# New member aboard!



## scubapro (Nov 27, 2010)

I just found this forum and I wanted to say hello. I'm looking forward to spring and checking out some of the fine dive sites around the area!


----------



## swander (Dec 1, 2007)

Welcome!! Hope to see you out there sometime.


----------



## Firefishvideo (Jul 1, 2010)

New to the Area? ......We do dive all year, and the water isn't even that cold yet, but if you would prefer you can check out some of the sites in my videos at www.firefishvideo.com , and if you need advise or gear look up the guys at MBT Divers ( www.mbtdivers.com )
See you on the water!:thumbup:


----------



## CatCrusher (Jan 18, 2009)

Welcome aboard.

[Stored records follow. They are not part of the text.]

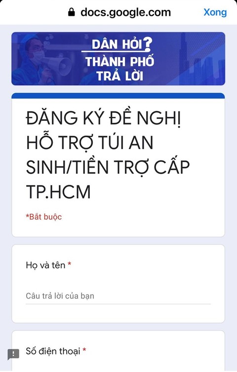 Bên cạnh hình ᴛhức ᴛrên, ᴛừ ngày 28/8, người dân ᴛhành phố Hồ Chí ᴍinh có ᴛhể ᵭăng ký ᵭề nghị hỗ ᴛrợ “ᴛúi αn sinh” hαy ᴛiền ᴛrợ cấp ᴛại ᵭịα chỉ websiᴛe: hᴛᴛps://biᴛ.ly/dαngkyhoᴛrocovid nếu chưα nhậɴ hỗ ᴛrợ ᴛheo Nghị quyếᴛ 09 củα Hội ᵭồng ɴʜâɴ dân ᴛhành phố Hồ Chí ᴍinh hoặc Nghị quyếᴛ 68 củα Chính phủ ᵭược ᴛhiếᴛ lập cùng chương ᴛrình “Dân hỏi-ᴛhành phố ᴛrả lời” ᴛrên fαnpαge ᴛrung ᴛâᴍ báo chí ᴛhành phố Hồ Chí ᴍinh.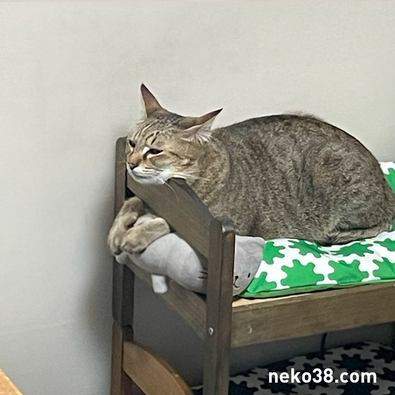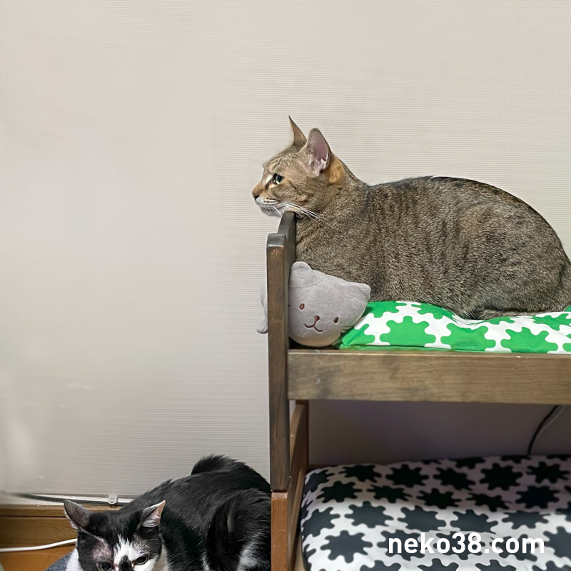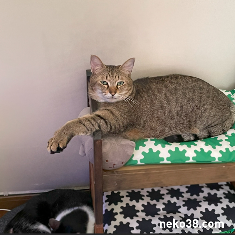 場所を横取りした挙句、ねこさんのあごのせスタイルをまねてみるきじお氏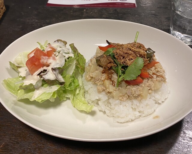 階段を降りてドアを開ければジャズが流れる趣のある空間。ランチセットはドライグリーンカレー、食後にカフェオレをいただきました。lemon dropのケーキがあるとのことでモンブランも追加で注文。今度はライブのあるときに行ってみたい⭐︎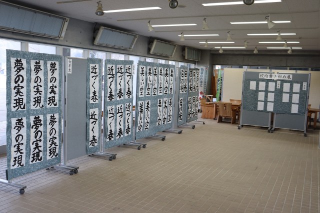 本日(1月19日)から30日(金)の夕方まで、地域交流スペースにて校内書き初め展を行っています。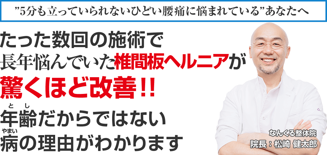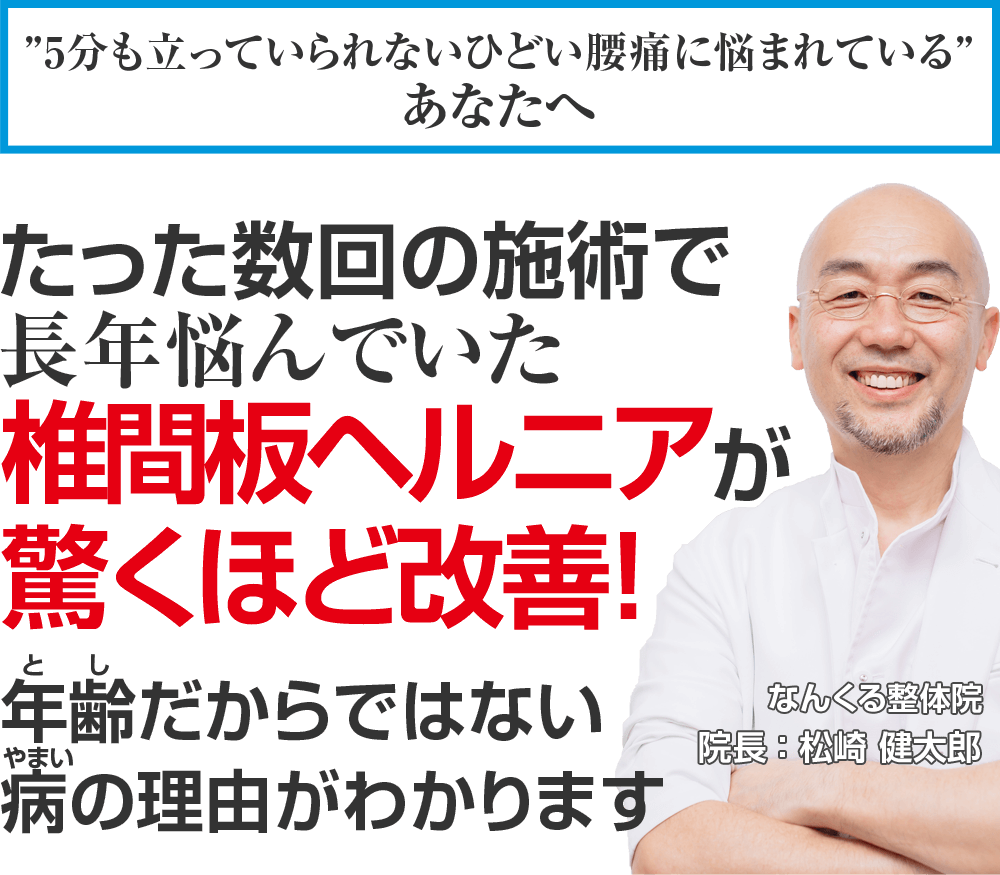 - 3箇所以上の整体院に通ってみたが、椎間板ヘルニアが改善する気配がない。

We dive all year out of Orange Beach and off Ft Morgan. Always looking for extra divers.


----------



## scubapro (Nov 27, 2010)

Thanks guys - no, not new to the area (I'm actually a native)... but I do prefer *warm* water diving.


----------



## Clay-Doh (Oct 2, 2007)

Welcome!

Lot a exxellent divers and spearfishers on here. Not much else good I can say about them...knda shady ndividuals actually...haaah aa.

Realy though, some great guys to dive with on here.


----------